-
Type:
Bug
-
Resolution: Unresolved
-
Priority:
P4
-
None
-
Affects Version/s: 23, 24, 25, 26
-
Component/s: performance
-
None
-
Environment:
Linux 5.4.0-216-generic #236-Ubuntu SMP Fri Apr 11 19:53:21 UTC 2025 x86_64 x86_64 x86_64 GNU/Linux
From Java 1.8 through to Java 16, the throughput of the fixed thread pool (Executors.newFixedThreadPool()) for very short tasks (LongAdder::increment) was between 1.3 and 1.42x higher than the ForkJoinPool (Executors.newWorkStealingPool()).
In Java 17, this changed, and the ForkJoinPool had substantially higher throughput, where it became 4.5 higher than the fixed thread pool. In Java 18, it was 4.9x higher. In Java 21, it went slightly down to 3.9x and in Java 22, it went down even more to 3.4x. However, the ForkJoinPool was still much faster at processing small jobs than the fixed thread pool.
In Java 23, something happened where the throughput for the ForkJoinPool reverted to Java 16 levels.
When the ForkJoinPool is used by parallel streams, we might not see a difference in performance between the various versions, since the work is fairly granular. However, we might notice a difference with very short virtual threads. For example, the throughput of virtual thread per task executors in Java 22 is about 2x higher than for Java 23. The throughput for virtual thread per task executors in Java 24 increased somewhat, but decreases again in Java 25 and 26.
I am hesitant to even label this a "bug", because I do not have a real-life demo that shows that the reduced throughput is an issue in real systems. However, I wanted to log it in case it helps analyze other issues.
Demo code:
package tjsn.ideas2025.juc;
import java.lang.reflect.*;
import java.util.*;
import java.util.concurrent.*;
import java.util.concurrent.atomic.*;
import java.util.concurrent.locks.*;
import java.util.function.*;
import java.util.stream.*;
/**
* The purpose of this demo is to show various ExecutorServices and how quickly
* they can execute a lot of short tasks. We found that in some versions, the
* ForkJoinPool is much faster than the Fixed Thread Pool, but in recent Java
* versions (Java 23 and later), the ForkJoinPool has slowed down dramatically.
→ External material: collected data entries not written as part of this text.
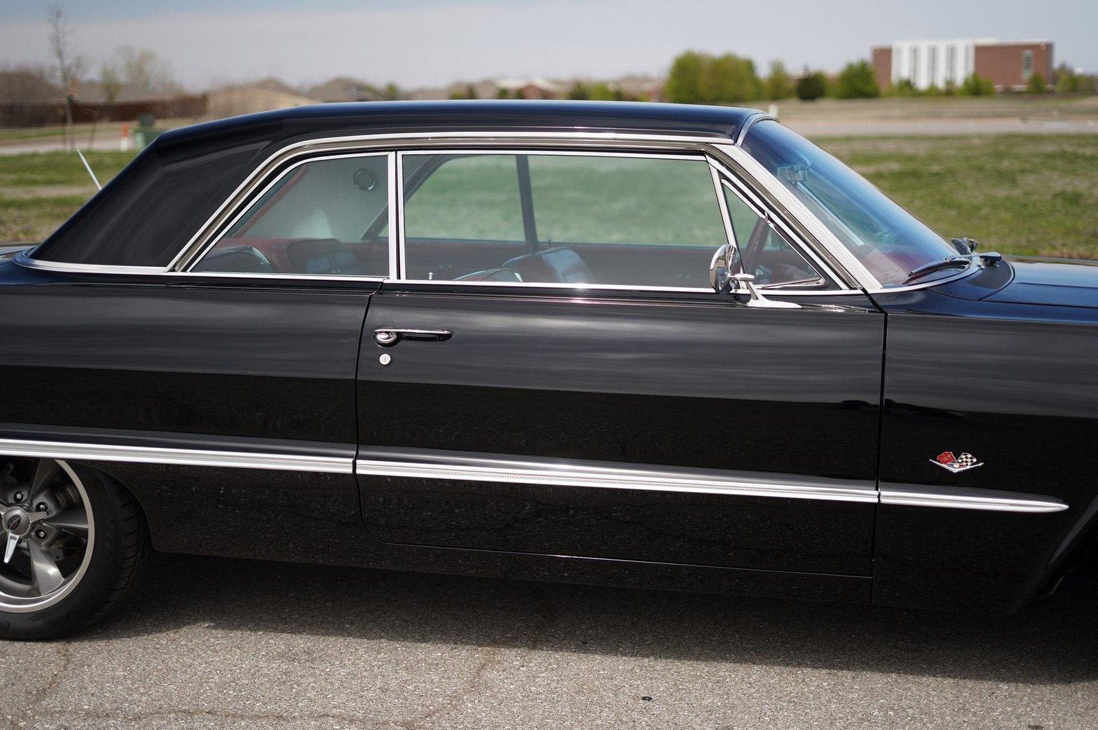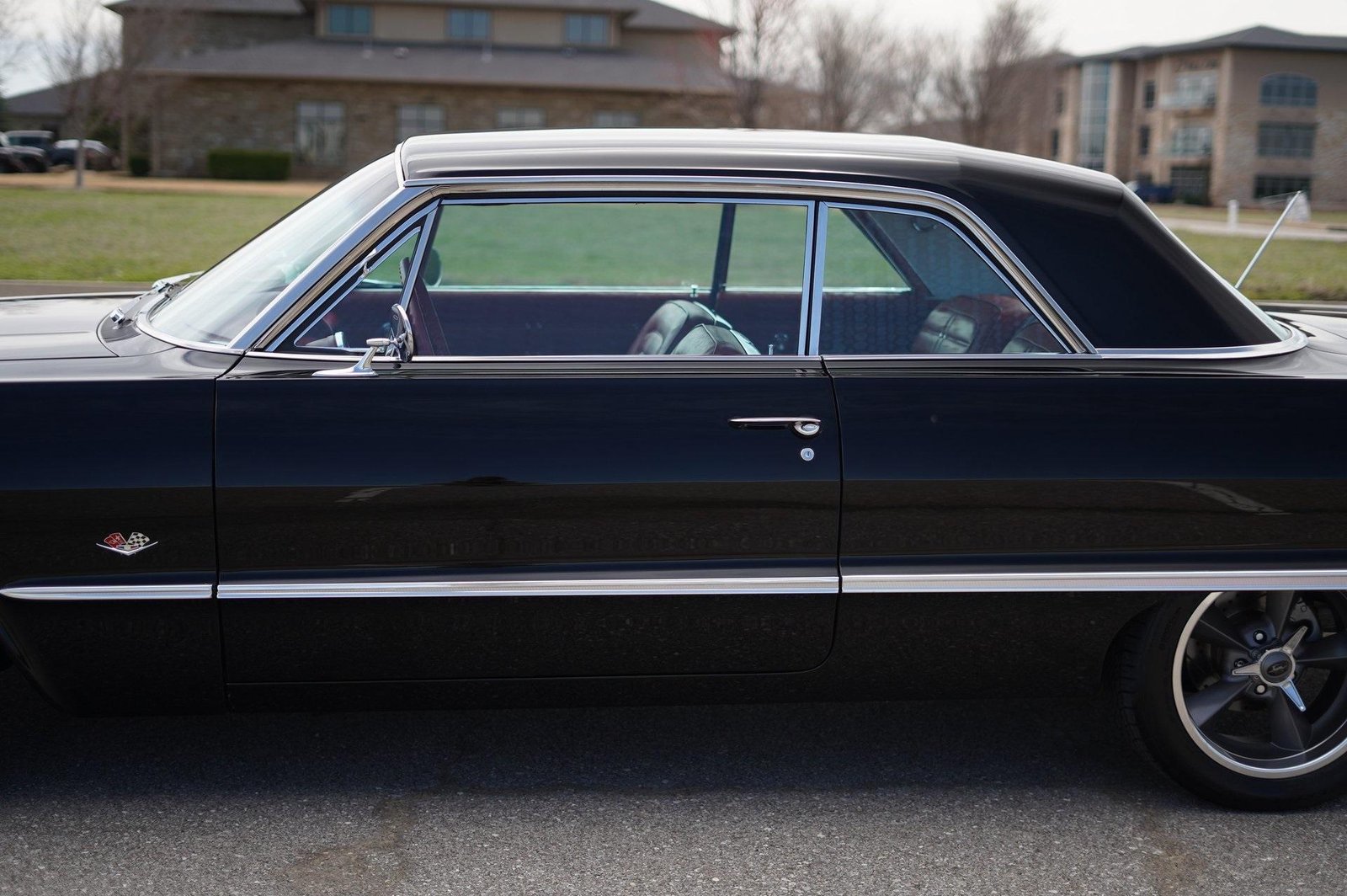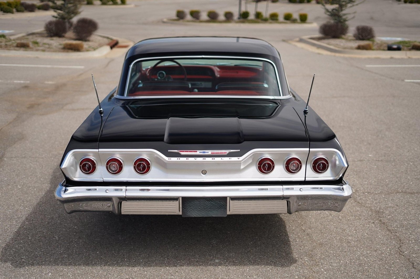 Take a look at this stunning 1963 Chevrolet Impala! With its sleek, straight body, glossy black paint finish, red interior, and polished stainless steel and chrome components, this Impala is a sight to behold. It has undergone a meticulous frame-on restoration that showcases the high level of care it has received.
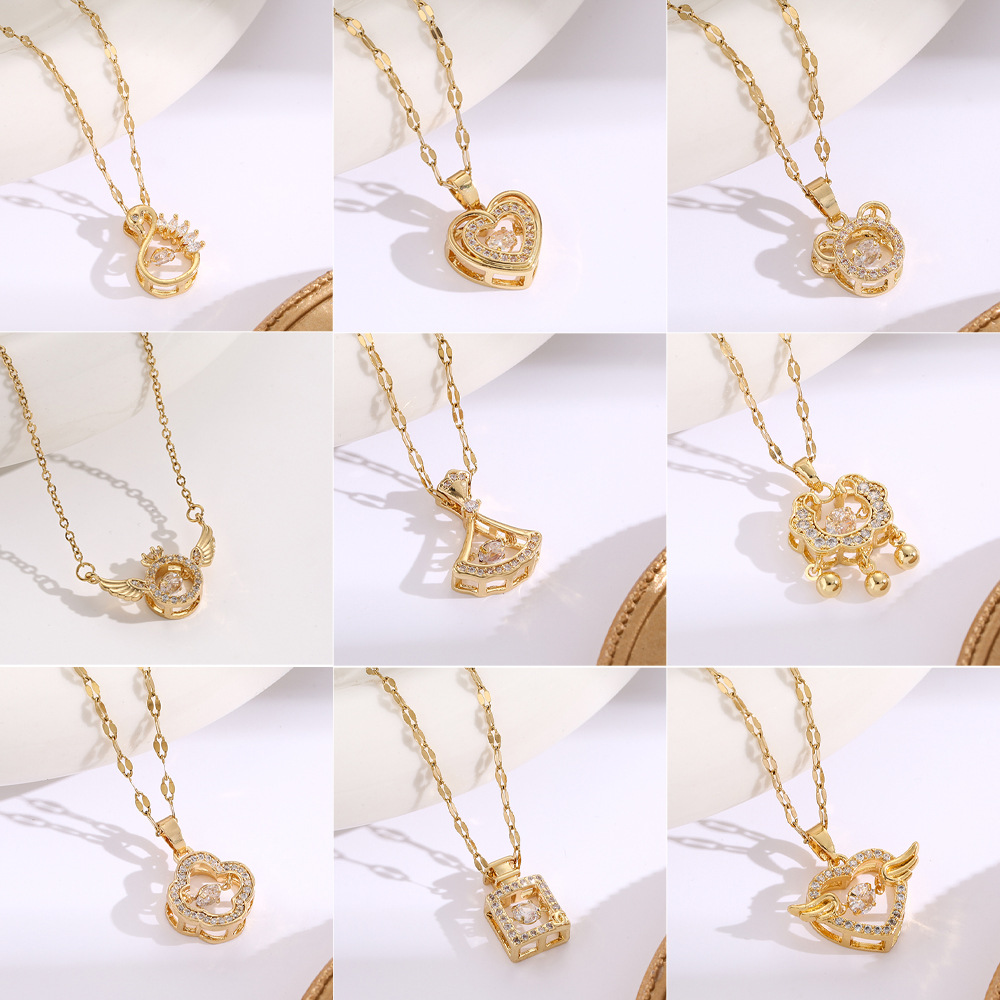 One Hundred Smart Series Live Selling Necklace Women's Micro-inlaid Full Diamond Beating Heart Hanging Titanium Steel Pendant Clavicle Chain Jewelry
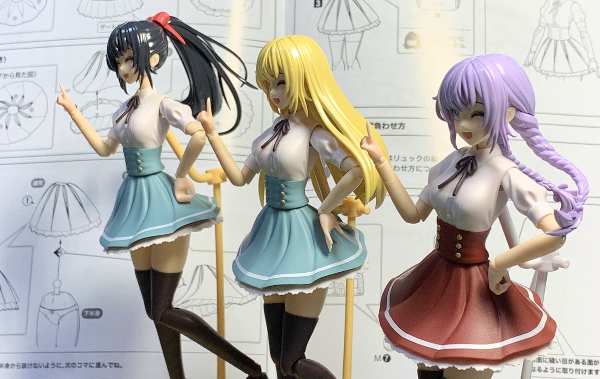 2 7 JKユニットRTK(リツカ)揃った(^^)。 ダンス好きらしいから同じポーズでライブっぽいポーズ。黒髪・金髪・紫ヘアーで髪だけエアブラシ塗装。 #創彩少女庭園 #創彩写真部 #コトブキヤ 22/01/03 22:18

* We are not sure if this has any real world implications, since individual
* tasks should use a substantial number of clock cycles in order to take
* advantage of parallel execution anyway. See
* https://gee.cs.oswego.edu/dl/html/StreamParallelGuidance.html
*/
public class ExecutorServicePerformanceDemo {
public static void main(String... args) {
System.out.println("Java Version " + System.getProperty("java.version"));
for (int i = 0; i < 5; i++) {
int availableProcessors =
Runtime.getRuntime().availableProcessors();
exercise("FixedThreadPool(" + availableProcessors + ")",
() -> Executors.newFixedThreadPool(availableProcessors));
exercise("WorkStealingPool(" + availableProcessors + ")",
() -> Executors.newWorkStealingPool(availableProcessors));
exercise("CachedThreadPool()",
Executors::newCachedThreadPool);
// To support older Java versions, we create the ThreadPerTaskExecutor using reflection
Optional<Class<?>> optionalBuilderClass = Stream.of(Thread.class.getClasses())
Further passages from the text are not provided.